Pleistocene Skeleton
Steel, wax, marble dust, and acrylic
Nancy Graves, 1970
Smithsonian Museum of American Art
Last fall I visited the newly renovated Smithsonian Museum of American Art. One of my favorite pieces was this sculpture by Nancy Graves. It’s made of steel, but coated and painted to resemble excavated bone.
It’s hard to explain why I singled this piece out – after all, it resembles any old skeleton in any number of natural history museums. But unlike the typical frenzied, kid-thronged dinosaur exhibit, the Graves sculpture was alone, at one end of a completely vacant gallery (except for myself and one of the Smithsonian’s many silent guards). It felt like I was discovering something for the first time. Yet it wasn’t authentic. It was neither “pleistocene” nor a “skeleton.” It had never been alive, and it wasn’t a history of anything, except the artist’s own imagination.
Pleistocene Skeleton
Steel, wax, marble dust, and acrylic
Nancy Graves, 1970
Smithsonian Museum of American Art
Apparently Graves’ contemporaries weren’t sure what to make of her work either. They knew she was good: in 1969, at the age of 28, she held a solo show at the Whitney (the first woman to do so). It consisted of three life-sized camels – built from the inside out, of acrylic, hair, wool, and paint over wood and steel armatures. According to the Time review,
More than a few museumgoers suspected that Nancy Graves’ camels were part of an ingenious put-on, particularly since the Whitney was handing out extraordinarily pretentious brochures in which Miss Graves was quoted as proclaiming that “these camels do not find their organization in the real world but are the result of my experience. I cannot imagine or perceive a camel until it is completed.” It sounded rather as though she were kidding the highbrows who insist that great art must be abstract. Since the abstract artist—by definition—depicts shapes for which no exact models exist in the visible world, he sometimes refers to his work as “not perceived until completed.”
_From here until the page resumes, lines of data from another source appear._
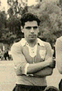 Hossein Fekri
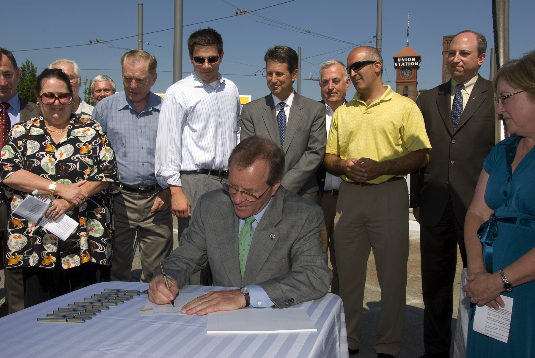 Gov. Ted Kulongoski signs HB 2001, the Jobs and Transportation Act.
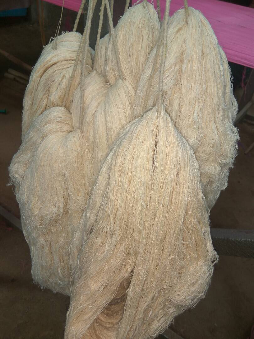 Image of Eri silk fiber seen at 7Weaves, Assam, as part of Eri silk production by indigenous people
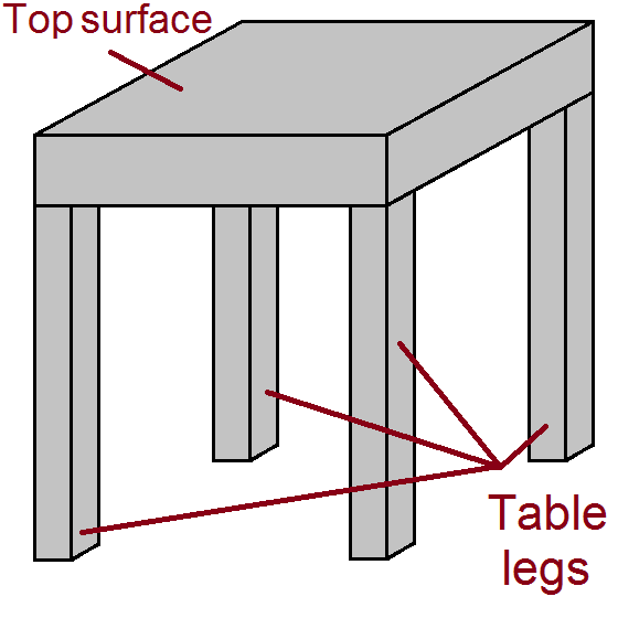 Simple structure of a normal table.
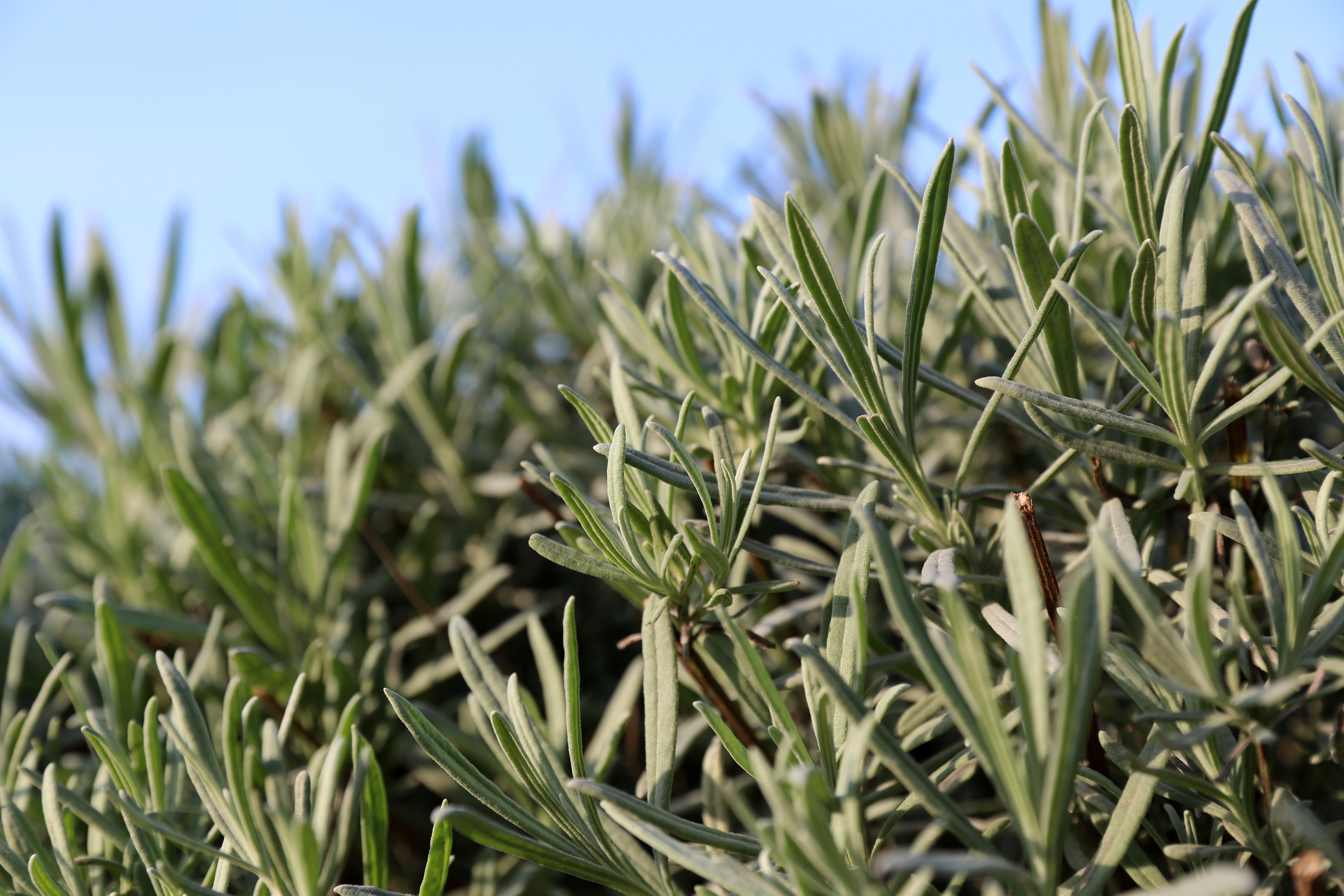 Lavandula angustifolia ("Mailette") at Blumengärten Hirschstetten in Vienna, Austria.
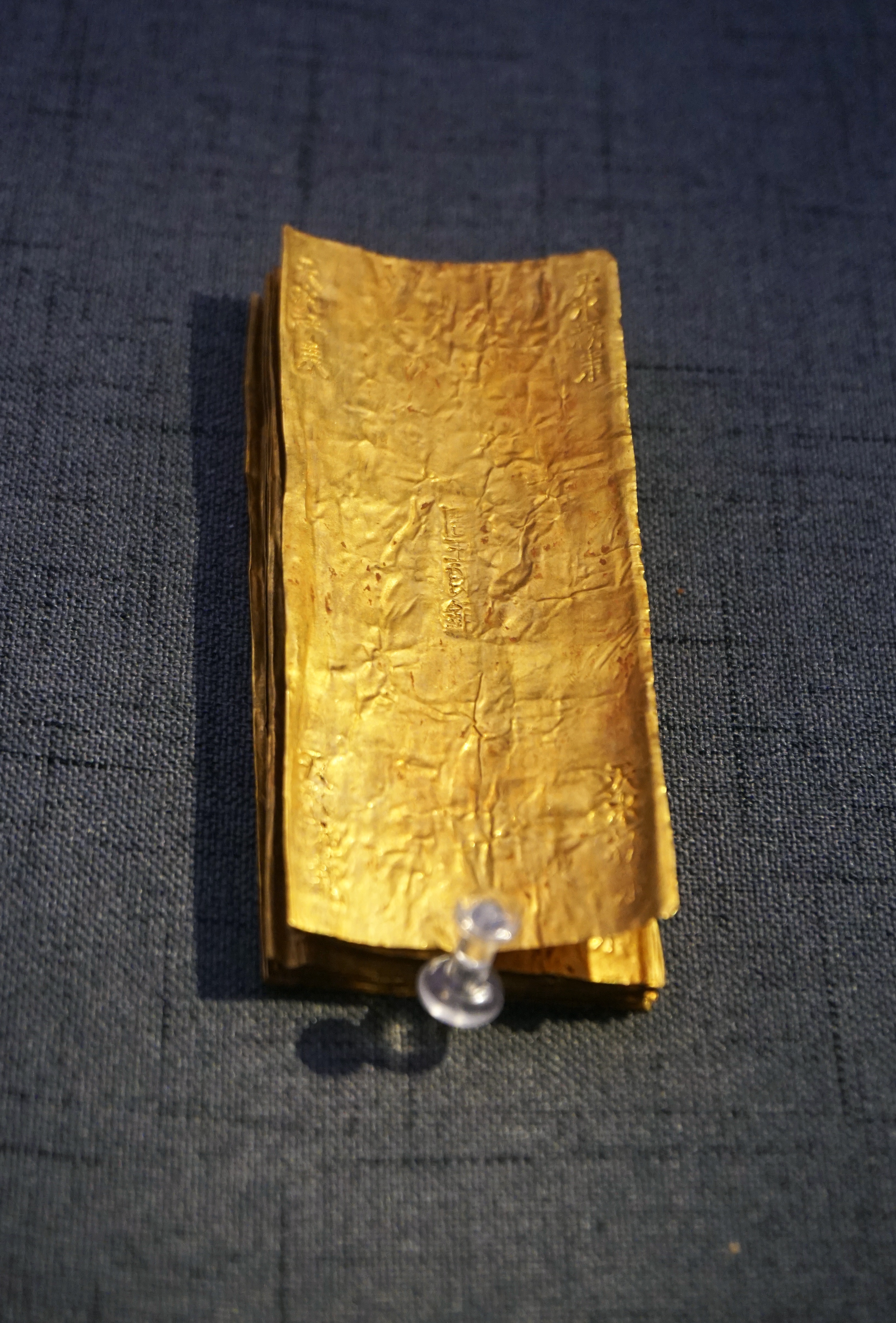 Gold leaves. The Southern Song Dynasty.
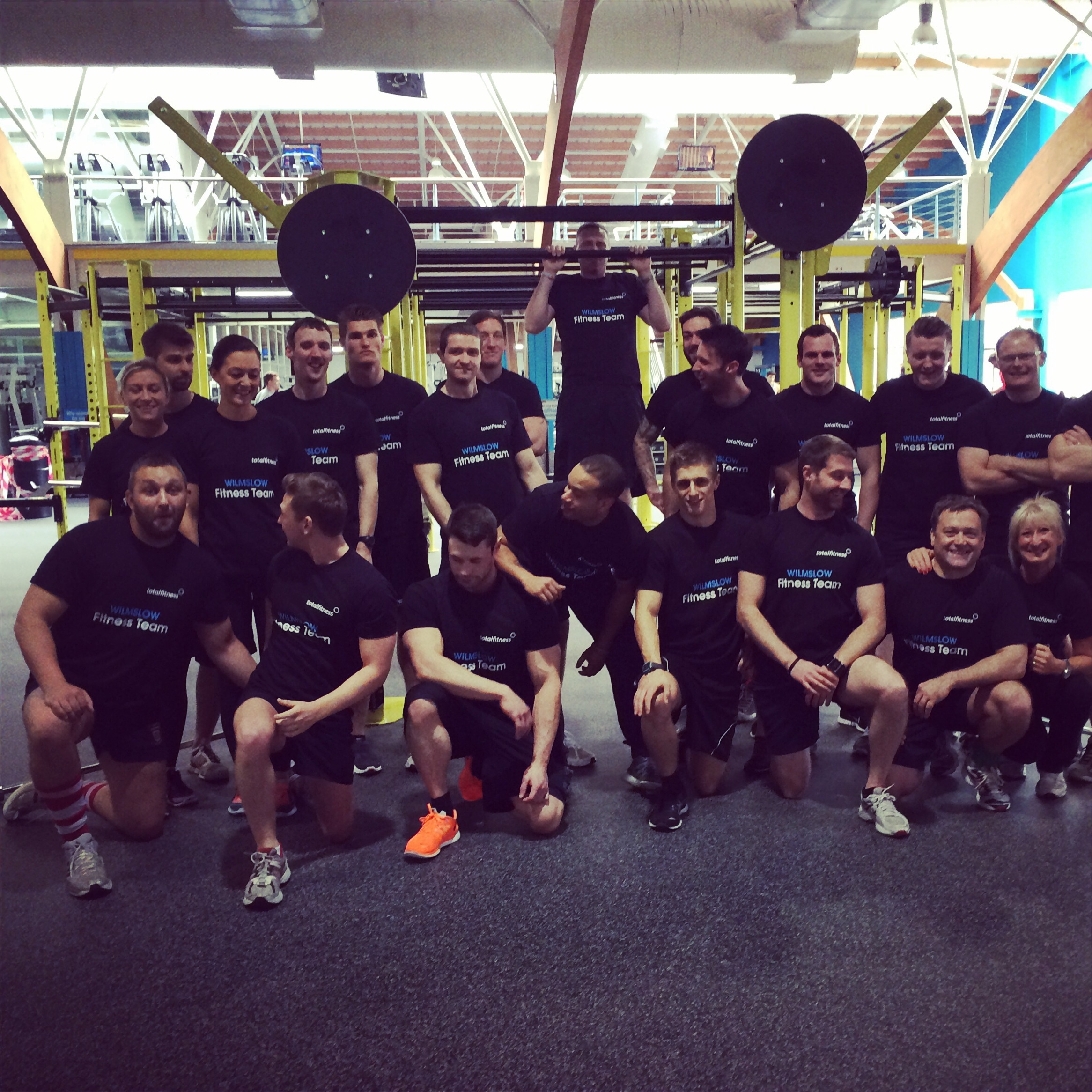 The Wilmslow Fitness team

Miss Graves, however, when approached directly, maintains that all she cares about is camels. “There’s as much possibility for fresh invention in making a camel as in making a human figure,” she says. Come to think of it, since nobody else has done much using the camel as a subject, there is probably more. (Time, “The Camel As Art,” 1969)
Camel VI, VII, VIII
wood, steel, burlap, polyurethane, animal skin, wax, oil paint
Nancy Graves, 1968-69
Graves worked continuously until her death in 1995, and her output was bewilderingly diverse. Prior to encountering “Pleistocene Skeleton,” I had never seen her earliest pieces. Her sculptures from the eighties look radically different – brightly colored abstract assemblages hardly reminiscent of natural history museums. So I was surprised to discover that one of her key influences was Clemente Susini, whose work she encountered at La Specola while on a Fulbright. (See my previous post on Susini here).
From an interview between Graves and Emily Wasserman:
The Museum of Natural History in Florence, Italy (where I lived and worked during 1966) contains the wax-works of an 18th-century anatomist, named Susini. What I saw there was a man whose total obsession was circumscribed within a very academic situation. That is, he was trying to define human anatomy in terms of drawings, and their reproduction in wax. The results were art, even in terms of that socio-historical period, although they were not recognized as such–they were not just copied cadavers. Visually, it’s the most emphatic thing–the attempt to be rigorous about whatever the problem was, was much more thorough and complete than most artists usually are…the significance of this for me was that Susini had produced a complex body of work from a single point of origin. (Artforum, 1970)
I love Graves’ description of Susini’s work. It reflects the central tension in scientific art (or art inspired by science) between accuracy and interpretation. Is it art or not? And why? “Pleistocene Skeleton” invokes that question, but doesn’t answer it.
Graves would continue to draw from natural history throughout her career. The fossil theme continues in her sculptures “Variability of Similar Forms,” “Fossils Incorrectly Placed,” and “Inside-Outside;” she would also create paintings based on geologic maps of the sea, moon, and Mars, and even her abstract sculptures included casts of natural materials. According to Michael Brenson, “while late American modernists were trying to build toward a future that would erase the past, Ms. Graves was involved in a wilder artistic project no less radical in its implications. She was re-creating evolution” (NYT, “Sculptures by Nancy Graves at the Brooklyn Museum,” 1987).
More on Nancy Graves:
Nancy Graves Foundation
National Gallery
Article at Answers.com
Sometimes looking back at an artist’s oeuvre brings forth so much more new information and hidden nuances. Glad you wrote this piece on Miss Nancy Graves. We will be sure to check out her art on our next visit to the Smithsonian…
Wow.. great post. And so well researched!
It would be interesting to see a reconstruction. It appears to be a camel designed by committee. Cool work!
Zeladoniac: I agree – I think the skeleton is a bit more convincing than the fully realized camel. I’m not sure if the purpose was to be convincingly real, or just disturbingly close. But it’s certainly cool.